Holly
I’m on a mission to celebrate and advocate for our native and wild plants that contribute so highly to nature.
Weeds That Feed is a two-part story.
First, A Pantry for Wildlife, where we take an in-depth look at the insects a plant supports.
Then Grow This Instead, where we compare similar ornamental plants and ask a simple question:
If a plant feeds the ecosystem, does it earn its place?
This week’s Weed That Feeds is holly — Ilex aquifolium.
Maybe not quite a weed — but certainly an overlooked native when it comes to performance.
A Pantry for Wildlife
Making invisible value visible
Holly is an evergreen woodland understory tree that thrives on almost any soil, from chalk to clay. It forms dense shelter for birds and insects and grows naturally in woodlands, hedgerows, and as a standalone tree or shrub.
But why is it so good?
What does holly actually feed?
Butterflies & moths
Holly is the primary larval food plant for just one butterfly — the Holly blue butterfly.
That means it’s the caterpillar’s first choice.
The holly blue suffered a sharp decline — around 80% between 2023 and 2024 — yet since 2010, populations are still up by around 35%. A reminder that trends are complex, and resilience matters.
Holly also feeds the caterpillars of five moth species, including:
The swallow-tailed moth — a beautiful, ghostly nocturnal species
The double-striped pug, whose larvae feed on holly and gorse
The yellow-barred brindle, whose larvae feed on holly and ivy
The dun-bar, known for its cannibalistic tendencies
The privet hawk moth — Britain’s largest hawk moth, with a wingspan of up to 12 cm
Privet is itself a native plant — another reminder of how connected are our own flora and fauna.
Beyond Lepidoptera
Holly supports another 22 insect species, including:
7 beetles
1 fly
11 true bugs (sap-sucking insects)
3 micro-moths
That’s 28 larval and phytophagous insect species, before pollinators are even considered.
Pollinators
Holly supports 19 pollinator species, all bees:
The honey bee
At least two bumblebee species
15 species of solitary bee, many of them mining bees
In total, holly supports 47 insect species — herbivores and pollinators combined.
Quietly. Reliably.

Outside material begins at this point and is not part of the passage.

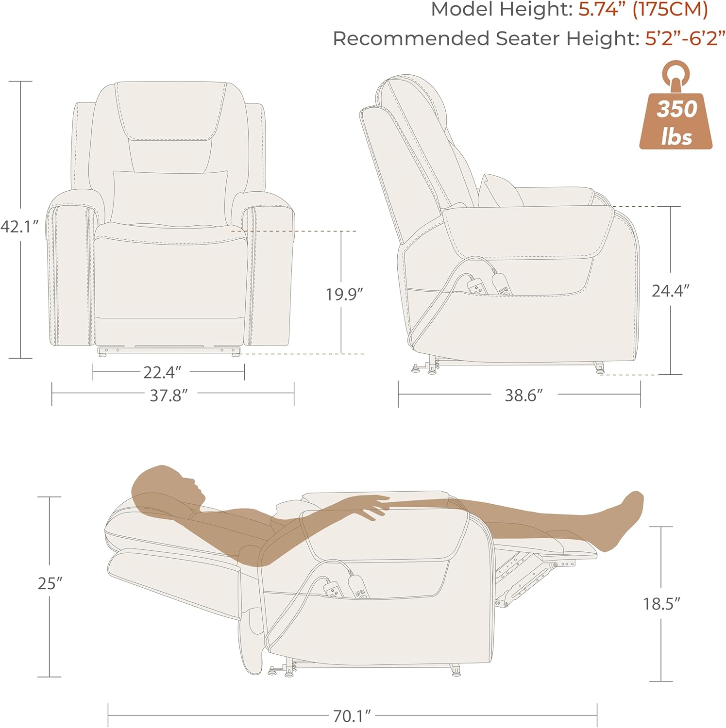 Extra Large Size: Overall Dimension 38.6''D x 37.8''W x 42.1''H. This large lift recliner chair offers more space for big and tall elderly. Seat Dimension: 21.3''D x 22.4''W x 19.9''H. Weight Capacity: 350 lbs. Recommended Seater Height: 5'2"-6'2''.

Year after year.
Cultural and seasonal value
Beyond ecology, holly is one of Britain’s most culturally important native trees.
Its evergreen leaves symbolised resilience and protection. In winter, branches were hung outside houses during storms to protect against lightning. Its blood-red berries were thought to ward off evil spirits — perhaps because they glow so vividly when almost everything else has faded.
Holly isn’t just for Christmas.
It feeds insects throughout the year and birds through the winter.
Grow This Instead
Choose plants that wildlife choose
If you only have space for one evergreen with glossy leaves and bright berries, Ilex aquifolium is a remarkably strong choice — and it outperforms most ornamental alternatives.
Holly is:
Evergreen with year-round interest
Adaptable to most soils
A shrub or tree, reaching up to 12 m
Flowering in May–June with small white blooms
Dioecious — male and female plants, with berries forming on females
A vital winter food source for thrushes, blackbirds, and redwings
So what are the usual substitutes — and how do they compare?
Portuguese laurel (Prunus lusitanica)
Similar height (10–12 m) and often planted for structure.
But it supports just two phytophagous (herbivorous) insects, though it is a food plant for the holly blue caterpillar.
Structurally useful — ecologically limited.
Skimmia (Skimmia japonica)
A compact evergreen shrub with red berries on female plants.
Introduced from Japan and China in the late 19th century.
It has only three insect interactions, and birds rarely eat the berries.
Firethorn (Pyracantha coccinea)
Smaller than holly, reaching around 4 m.
Birds do use it, but it supports only three phytophagous insects.
Why holly earns its place
Holly grows almost anywhere.
It can be:
A wall shrub
A specimen plant
A hedgerow component
A tree
Even a living security barrier
All while feeding nearly 50 insect species and supporting birds through the hardest months of the year.
That’s performance.
A quieter way forward
I hope this encourages you to look again at the plants we often overlook.
Holly isn’t just a decoration.
It’s infrastructure.
It’s shelter.
It’s food.
And if we want gardens, landscapes, and rewilded spaces that truly function, we need to choose plants that wildlife choose.